Giving names to the rows:

ex_prod <- tibble::column_to_rownames(.data = ex_prod,
                                     var = "ProductNum")
ex_prod$ProductNum <- NULL

Data cleaning: detecting NA with VIM of Best Seller Rank

## 
##  Variables sorted by number of missings: 
##               Variable  Count
##        BestSellersRank 0.1875
##            ProductType 0.0000
##                  Price 0.0000
##          x5StarReviews 0.0000
##          x4StarReviews 0.0000
##          x3StarReviews 0.0000
##          x2StarReviews 0.0000
##          x1StarReviews 0.0000
##  PositiveServiceReview 0.0000
##  NegativeServiceReview 0.0000
##       Recommendproduct 0.0000
##         ShippingWeight 0.0000
##           ProductDepth 0.0000
##           ProductWidth 0.0000
##          ProductHeight 0.0000
##           ProfitMargin 0.0000
##                 Volume 0.0000

1st data expl.: Blackwell business

1st data expl.: Volume distribution

1st modalization: linear regression

# train and test
train_id <- createDataPartition(y = ex_prod$Volume, p = 0.80, list = F)
train <- ex_prod[train_id,]
test <- ex_prod[-train_id,]

# create linear regression model
mod_lm <- lm(formula = Volume ~ ., data = train)
metric train test
RMSE 0 0
R^2 100 % 100 %

Main predictors:

  1. 5 stars
  2. Product type: Game console

2nd pre-process: feature selection

2nd modalization: linear regression

metric train test
RMSE 0 0
R^2 100 % 100 %

Main predictors:

  1. 5 stars
  2. Product type: PC
  3. Price

The model is overfitted again.

3rd pre-process: outliers in stars features

3rd pre-process: feature engineering

3rd pre-process: corr. matrix with total stars

3rd pre-process: corr. matrix with x4 and x2

3rd modalization: linear regression

metric train test
RMSE 307.07 276.19
R^2 71.77 % 80.47 %

My model is not overfitted, but has a very low performance. Let’s check where it is failing!
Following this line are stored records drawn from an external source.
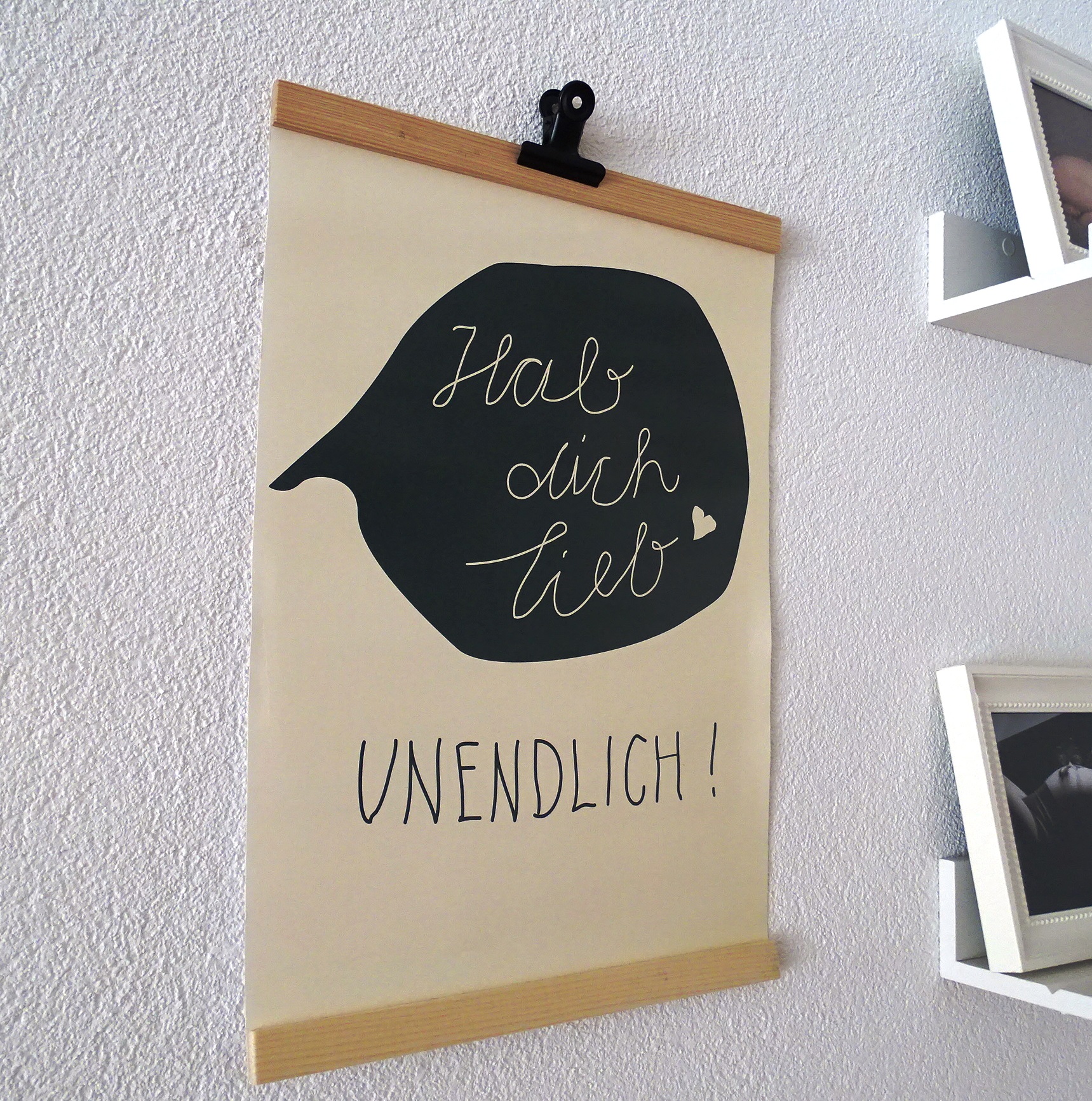 Du magst das mit der Jutte nicht – dann kannst du wie ich, das Poster mit einem Paperclip festmachen. Die gibt es übrigens bei mir im AtelierLaden in drei verschiedenen Ausführungen.
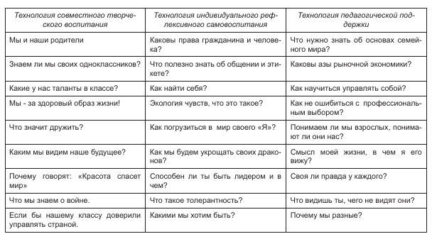 Воспитательная технология коллективного творчества И.П.Иванова и технологии индивидуального рефлексивного самовоспитания О.С.Анисимова, П.Г.Щедровицкого - это две дополняющие друг друга технологии, рассчитанные на возбуждение внутренних факторов-усилий по самостроительству, которые есть в каждом ребенке, но еще не раскрыты. Технология индивидуальной поддержки является продолжением
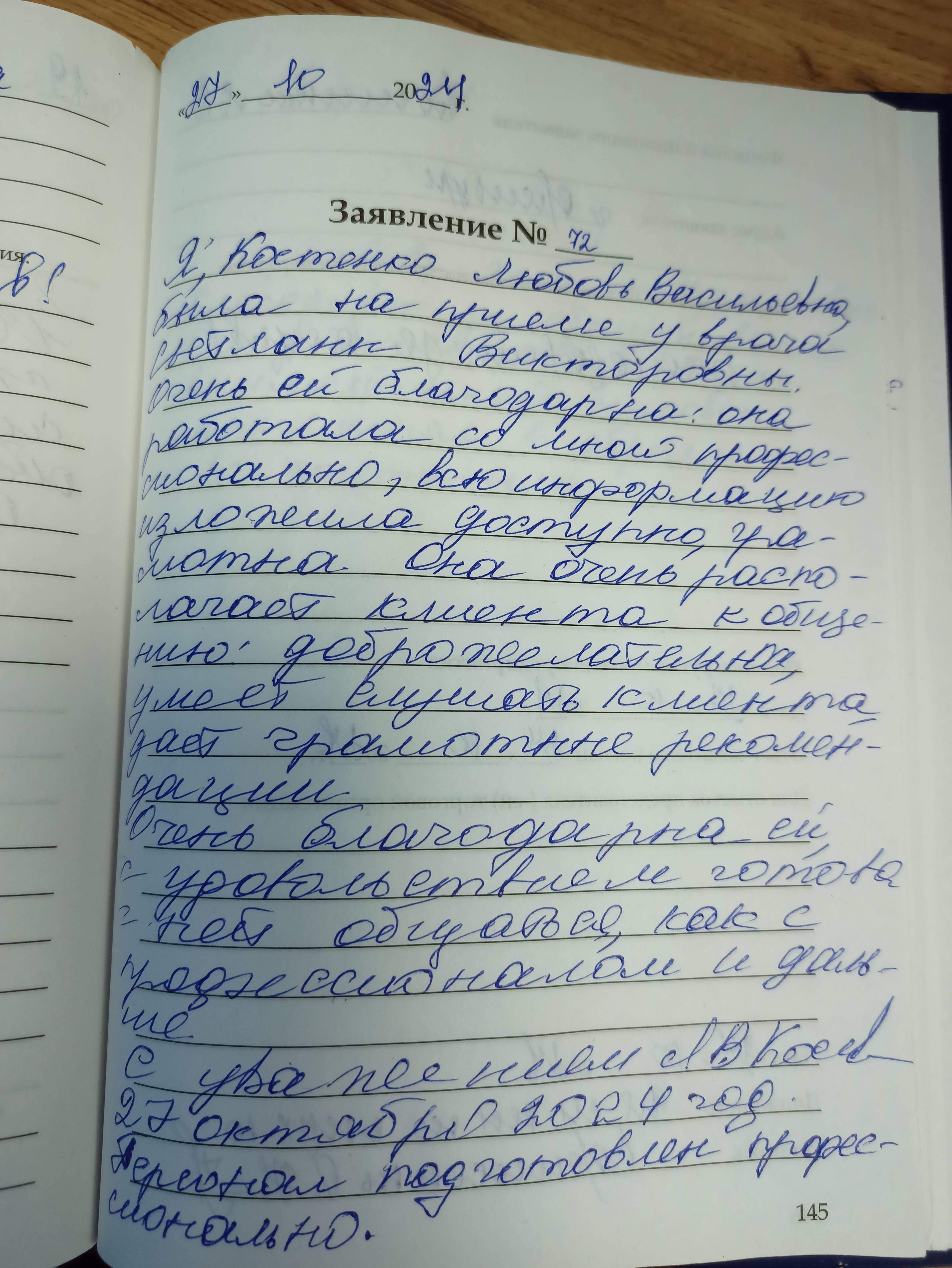 Я, Костенко Любовь Васильевна, была на приёме у врача Светланы Викторовны. Очень ей благодарна , она работала со мной профессионально, всю информацию изложили доступно, грамотно. Она очень располагает клиента к общению, доброжелательна, умеет слушать клиента, даёт грамотные рекомендации.Очень благодарна ей, с удовольствием готова с ней общаться как с профессионалом и дальше. С уважением Костенко Л.В.27 октября 2024. Персонал подготовлен профессионально.

3rd error check: errors visualization lm

4th exploration: recommandation variable

4th pre-process: repeated observations

product_num ProductType Pos_Ser Neg_Ser Recomend Vol
132 ExtendedWarranty 0 3 0.4 0
133 ExtendedWarranty 0 1 0.6 20
134 ExtendedWarranty 280 8 0.9 1232
135 ExtendedWarranty 280 8 0.9 1232
136 ExtendedWarranty 280 8 0.9 1232
137 ExtendedWarranty 280 8 0.9 1232
138 ExtendedWarranty 280 8 0.9 1232
139 ExtendedWarranty 280 8 0.9 1232
140 ExtendedWarranty 280 8 0.9 1232
141 ExtendedWarranty 280 8 0.9 1232

4th feature engineering: pos. and neg. service

4th modalization: linear regression

metric train test
RMSE 333.82 241.01
R^2 65.46 % 69.35 %

The model has improved a little bit. Let’s see how is performing to the categories we are interested.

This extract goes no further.